Weren't you the one who mentioned the genetic part of Jewishness??? My friends are Jewish by race and Christian in their faith. You are not correct in defining Messianic Jews as modern-day Pharisees who are looking for the Messiah to come one day. They are people who were born Jewish (race and religion) and have converted to Chrisianity from Judaism. They believe that Jesus Christ (Yeshua Hamashiach) is the true Messiah. There are several on FR that post from time to time. Ask them.
As far as a Muslim becoming a Jew or Christian, of course they couldn't because Muslim is a Religion not a race. Can an Arab be Muslim or Jewish or Christian? Yes. See the diff?
Sure. There are Jews who are actually racially Semitic, i.e. genetically related to the Hebrews, and all other Semitic peoples. But, according to the Jewish law, you are a Jew if your mother is Jewish. The genes don't matter, be they father's or mother's! It's the mother's "Jewishness" that matters.
The mother, for all you know, could be a convert to Judaism who could be genetically completely unrelated to anything Semitic. The "Jewishness" of the mother (whatever the criteria) is somehow indelibly "imparted" to her children so they are all born "Jewish."
Is being "Jewish" an ethnic or religious or national issue? I guess, it depends what suits you (or what will give you a visa out of the country you don't want t live in).
According to the Society of Humanistic Judaism" [all emphasis are mine] "There is no single way to be Jewish..." [surprise!]. The Society affirms that "Secular Humanistic Jews encourage and support activities that promote the continued development of Jewish identity." (which by their own admission is an elusive concept). However, it all basically boils down to "a deep attachment to the state of Israel, its culture, and its people."
Furthermore, the source states "Secular Humanistic Jews make no distinction of any kind among Jews who, regardless of parentage, have chosen to identify with the Jewish people."
Yet being a Muslim or a Christian prevents you from being considered Jewish in Israel or by the Jewish Community at large. The Israeli Law of Return is a law that grants immigration rights only to the Jews without a prior naturalization process; that is to those individuals who "fit" the official (rabbinical) definition of "Jewishness." The Law simply states that "any Jew may come to Israel and become a citizen without undergoing naturalization."
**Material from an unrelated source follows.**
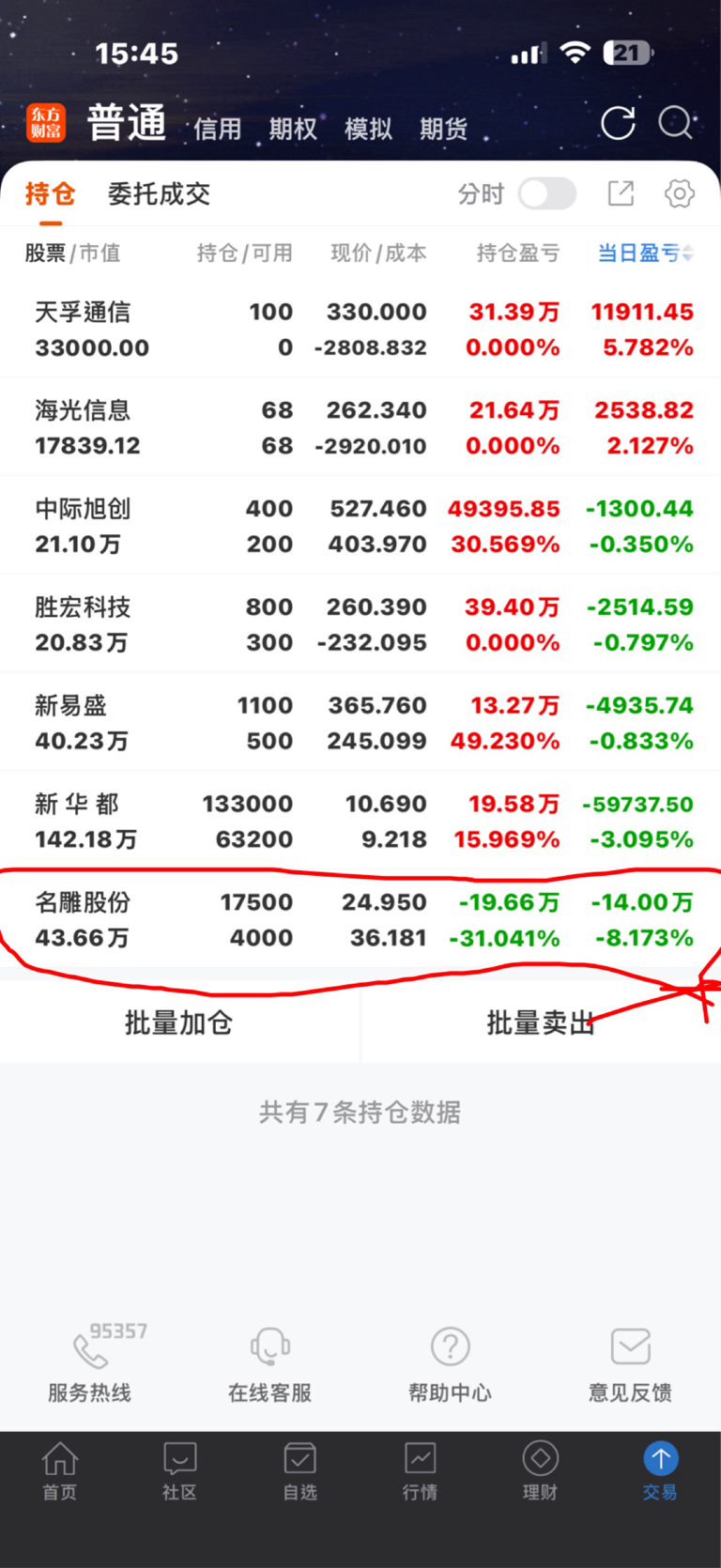 $名雕股份(SZ002830)$ 三天亏了20万元人民币

Specifically, zionism-israel.com's Ami Isseroff explains that "Israel's immigration policy is not racist or separatist. In common with many other countries, it gives precedence to its own absent nationals."
So, Israel treats Jewishness as an inherent nationality (that is a matter of choice), independent of where you were born or how many generations have passed. Others treat it as a religious affiliation, and others yet as a racial/ethnic quality. [covering all the bases, I guess...]
As for Messianic Jews, they are a periphery, embraced only by such Christian groups as the Presbyterian Church [sic] (U.S.A.) which for a long time was in "communion" with Avodat Yisrael. Messianic "Jews" are Protestants in disguise with Jewish terminology and Jewish-sounding names. Their aim, of course is to "save" as many Jews by converting them to Jeezuhs.
Jasom Baysee, a pastor of Shady Grove United Methodist Church in Providence, North Carolina, writes in The Christian Century "If there is anything about which all four branches of Judaism in the U.S. (Orthodox, Conservative, Reform and Reconstructionist) agree, it is that one cannot be both Jewish and Christian at the same time."
If you are going to be a religious (observant) Jew, you cannot worship any other God except the YHWH of the Old Testament. The Jewish messiah is not a divine person. That automatically disqualifies Jesus as a possible Jewish messiah. The idea that the messiah is a divine person is a Christian innovation that was rejected, along with all Christian books, by the rabbis in Jamnia at the end of the first century AD.
Messianic (Apocalyptic) Jews of the 2nd century BC (Pharisees and Essenes) expected a messiah to be a mortal warrior-king (there are 7 OT determined requirements for a messiah and Jesus meets only one, being Jewish). As such a messiah for the Jews is not an incarnate God-man who, together with the Father and the Spirit is worshipped and glorified. That is heresy in Judaism across all sects.
So, they cannot deny that someone "born" Jewish is Jewish by Law, but if they worship any other deity (and no, the Jews do not think Christians and Muslims worship the same God as the Jews, because then they would have to admit that Christ is God and Allah is God, which they won't!), they are no longer Jewish, but apostates no different than all the other Jews who worshipped false gods in the past.